The code we shared on our latest work (see doi:10.1038/ncomms11938) contained all parts necessary to reproduce the figures in the paper, but there was one part that I didn’t share. In Figure 2, you can see percentiles of normalized ATAC-seq signal for the 88 samples used in the study - the code in question produces bigWig files used in this visualization.
The reason why I haven’t shared it was because it was a bit challenging and I didn’t manage to make it as system-independent as I’d want. Most of the code for the paper is in Python, but for this I used a combination of Python, Bash and GNU programs to handle the amount of signal genome-wide. In addition, I’ve made extensive use of a HPC cluster with slurm as manager to speed things up.
Since I have now been asked by two persons to share the code, I do it now here.
This is a brief explanation of the steps:
-
The entry point is “quantile_tracks.py”. This is meant to produce two files containing information of the BAM file paths and sizes.
-
The next script is “quantile_tracks.sh”, which does the real work. It:
-
makes windows across the genome (here I chose to have 1bp windows, which was a bit overkill) for each chromosome;
-
computes the read coverage in each of these windows for each chromosome, for each bam file;
-
paste together the covereage of all samples per chromosome;
-
split these in chunks;
-
compute quantiles across samples for each chunk (uses the
quantilize.py
script); -
concatenate back the quantiles of the chunks and,
-
make a bigWig file for each quantile. Pretty much in each step, a swarm of jobs is launched to the cluster, so if you have a different HPC configuration (which is more than certain) you’ll have to adapt that.
-
If it sounds complicated and unoptimized, it’s because it is. I didn’t bother optimizing this since I only needed to run it once and I had no resource limitations. I did explore other alternatives, for example using the pyBigWig library to handle everything from with Python, but it seems it is still in early development has a lot of problems. Other solutions failed for other reasons or did not give me as much control as I needed (e.g. to normalize samples by coverage).
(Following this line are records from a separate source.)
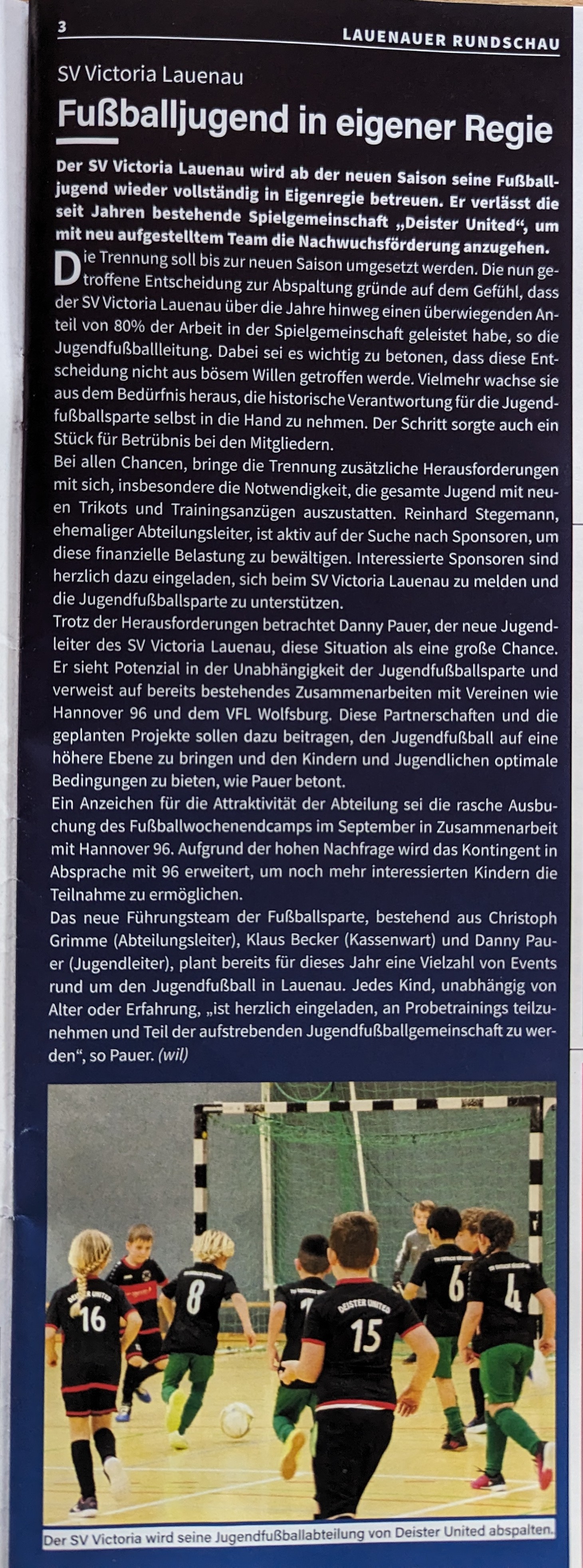 Hier könnt ihr den Bericht zur neu ausgerichteten FußballJugendarbeit in der Ausgabe März 2024 der Lauenauer Rundschau dazu lesen: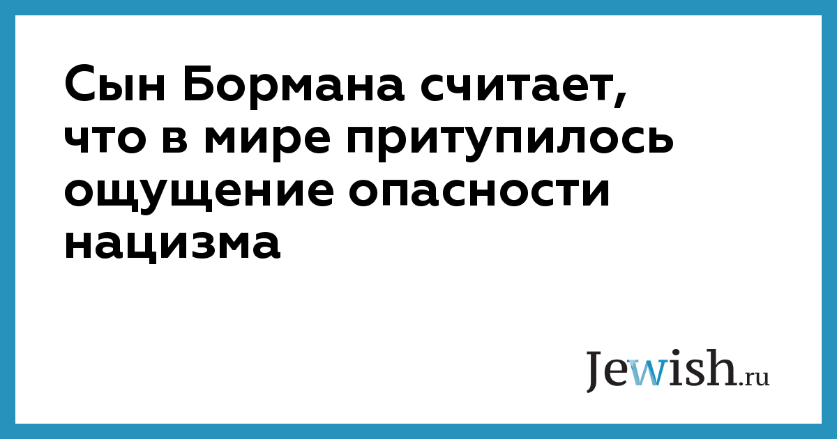 Сын Бормана считает, что в мире притупилось ощущение опасности нацизма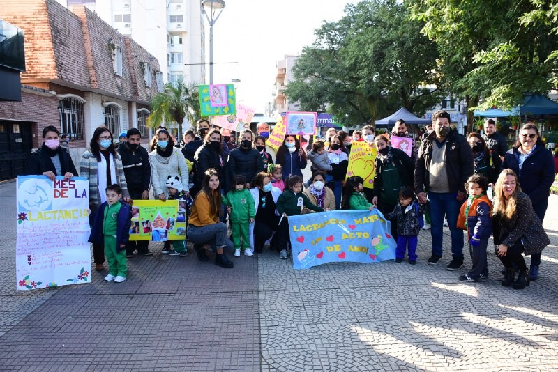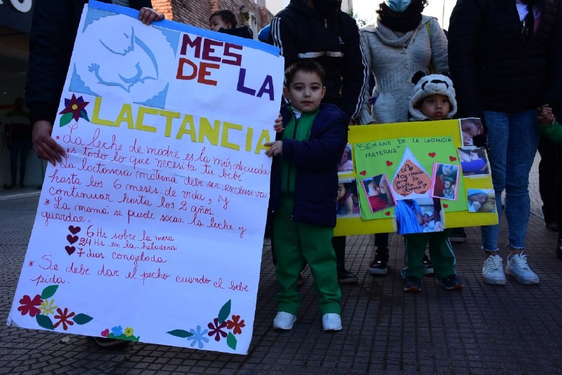 Cerrando las actividades que se organizaron por la Semana Mundial de la Lactancia Materna, niños y familiares de los CDI de los barrios San Benito, Doctor Montaña y Laguna Brava iniciaron una caminata por la peatonal Junín. Desde la plaza Cabral hacia la Vera, llevaban el mensaje de la importancia de dar de mamar, entregando souvenires y tarjetas confeccionadas por ellos mismos a los transeúntes.

Note that you’ll need some tools for this like gzip, zcat, split, awk, bedtools, bgzip (from htslib), UCSC tools (for bedGraphToBigWig), which are all quite common though, and a few static files like sizes of chromosomes in your genome assembly. Also depending on the resolution you chose to do this, this might take a lot of disk space (in the order of Tb).
In the end it does produce some nice visualizations, but I’m not sure all this trouble was really worth it - up to you to decide.
If anyone can make this (the concept, not really my quickly-hacked code) into a nice tool, please feel free!